Kala itu di tahun 2007 seorang tamu asal Malaysia protes penetapan slogan tersebut karena menurutnya pantun berasal dari Malaysia. “Berdirinya kota Malaka itu ada pantunnya,” kata Suryatati menirukan ucapan tamunya itu. Itu bukan kejadian pertama dan terakhir kota ini berurusan dengan utusan-utusan negara tetangga itu.
Seorang pejabat dinas pariwisata kota ini bercerita ia berkali-kali menerima permintaan dari negeri jiran itu agar mereka dikirimi guru yang bisa mengajar tarian khas melayu.Sering pula datang orang yang berniat mendokumentasikan berbagai artefak kebudayaan melayu yang ada di Tanjung Pinang. Permintaan yang selalu ditolak.

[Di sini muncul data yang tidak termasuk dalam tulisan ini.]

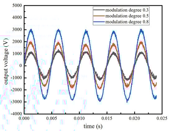 A controllable sinusoidal high-voltage AC voltage can be obtained successfully by transforming the input voltage through the inverter circuit, the boost circuit and the control circuit. The influence of modulation degree on the sinusoidal alternating voltage is shown in Figure 5. The sinusoidal output voltage increases with the increase in modulation degree at a certain proportion.

“Kalau mereka ingin menikmati budaya melayu ya datang saja ke sini, bukan dibawa ke sana,” ujarnya. Menghadapi “serbuan” itu, masyarakat Tanjung Pinang tak reaktif dengan membuat aksi sweeping warga Malaysia. Karena banyak dari orang Malaysia yang berkunjung itu sebagai wisatawan dan itu justru mendatangkan devisa. Sebaliknya mereka justru terinspirasi merawat kebudayaan lokal dengan mendokumentasikan pantun dengan target membukukan sejuta pantun klasik dan modern. Sejauh ini sudah ada 10 ribu pantun yang berhasil dikumpulkan. Kota ini juga menargetkan membangun istana pantun yang rencananya akan selesai pada 2012.

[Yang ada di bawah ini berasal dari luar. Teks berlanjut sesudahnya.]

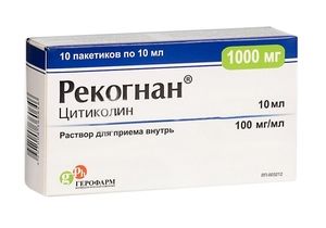 Показания к применениюОстрый период ишемического инсульта (в составе комплексной терапии).Восстановительный период ишемического и геморрагического инсультов.Черепно-мозговая травма, острый (в составе комплексной терапии) и восстановительный периоды.Когнитивные и поведенческие нарушения при дегенеративных и сосудистых заболеваниях головного мозга.Применение при беременности и кормлении грудьюДанных по применению цитиколина при беременности недостаточно. Назначение препарата Рекогнан возможно только в тех случаях, когда ожидаемая польза терапии для матери превосходит потенциальный риск для плода. В исследованиях на животных отрицательного влияния не выявлено. При назначении препарата Рекогнан в период лактации женщинам следует прекратить грудное вскармливание, поскольку данные о выделении цитиколина с грудным молоком у человека отсутствуют.ПротивопоказанияГиперчувствительность к любому из компонентов препарата. Больные с выраженной ваготонией (преобладание тонуса парасимпатической части вегетативной нервной системы). Редкие наследственные заболевания, связанные с непереносимостью фруктозы. Детский возраст до 18 лет (в связи с отсутствием достаточных клинических данных). С осторожностью: информации об относительных противопоказаниях при применении препарата нет.Побочное действиеОчень редко (меньше1/10000) (включая индивидуальные случаи)Аллергические реакции (сыпь, кожный зуд, анафилактический шок), головная боль, головокружение, чувство жара, тремор, тошнота, рвота, диарея, галлюцинации, отеки, одышка, бессонница, возбуждение, снижение аппетита, онемение в парализованных конечностях, изменение активности печеночных ферментов. В некоторых случаях препарат Рекогнан может стимулировать парасимпатическую систему, а также оказывать кратковременное действие на уровень АД.Если любые из указанных в описании побочных эффектов усугубляются или были замечены любые другие побочные эффекты, не указанные в описании, следует сообщить об этом врачу.СоставРаствор для приема внутрь 100 мл, активное вещество: цитиколина мононатриевая соль 10,45 г (эквивалентно 10 г цитиколина), вспомогательные вещества: сорбитол — 20 г, глицерол — 5 г, пропиленгликоль — 1,04 г, метилпарагидроксибензоат — 0,16 г, пропилпарагидроксибензоат — 0,04 г, калия сорбат — 0,14 г, натрия цитрата дигидрат — 0,6 г, натрия сахаринат — 0,02 г, краситель азорубин (Е122) — 0,002 г, ароматизатор клубничный FRESA S. 1487S — 0,04 г, лимонная кислота — до рН 6, вода очищенная — до 100 млВзаимодействие с другими препаратамиЦитиколин усиливает эффекты леводопы. Не следует назначать одновременно с лекарственными средствами, содержащими меклофеноксат.

Dokumentasi produk budaya asli Indonesia juga dilakukan pengamat kuliner, Bondan Winarno., yang kaget karena Malaysia memasukkan kuetiau (Malaysia menyebutnya char kuey teow atau kuetiau goreng) sebagai warisan nasionalnya. Padahal masakan itu sejatinya tradisi kuliner Tionghoa bukan Melayu. Toh Malaysia beralasan kuetiau mereka itu khas Penang karena dimasak memakai kerang dan pakai kecap. Ketimbang meributkan daftar Malaysia National Heritage yang kabarnya juga memasukkan rendang di dalamnya, Bondan justru terinspirasi memulai proyek pendataan kuliner khas Indonesia.
Ia bertekad menerbitkan dokumentasi masakan yang layak menjadi pusaka kuliner Indonesia. Langkah Bondan ini barangkali bisa diikuti setiap orang di bidangnya masing-masing misalnya pendataan motif-motif batik atau juga flora dan fauna. Nah akan sangat baik jika hasil dokumentasikan itu dibukukan karena buku memang diakui sebagai sumber informasi dan rujukan resmi ketimbang lembaran dokumen pribadi ataupun data yang dimuat dalam situs internet.

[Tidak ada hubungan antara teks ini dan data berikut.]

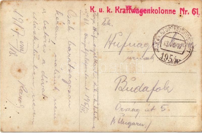 1917 Hufnagel Károly karpaszományos kitüntetésekkel / K.u.K. Kraftwage... https://www.darabanth.com/de/33-Gross-Auktion/33.1/Ansichtskarten/Militaria~13988/1917-Hufnagel-Karoly-karpaszomanyos-kituntetesekkel-KuK-Kraftwagenkolonne-Nr-61-WWI-Aus~II2137845

Kalaupun ada yang nekat mengklaim warisan budaya Indonesia, bisa dibantah dengan menyodorkan buku dokumentasi yang disusun dengan riset yang sahih tadi. Klaim-klaim yang dibuat negara tetangga justru mesti ditanggapi dengan mengarahkan energi pada langkah-langkah yang positif.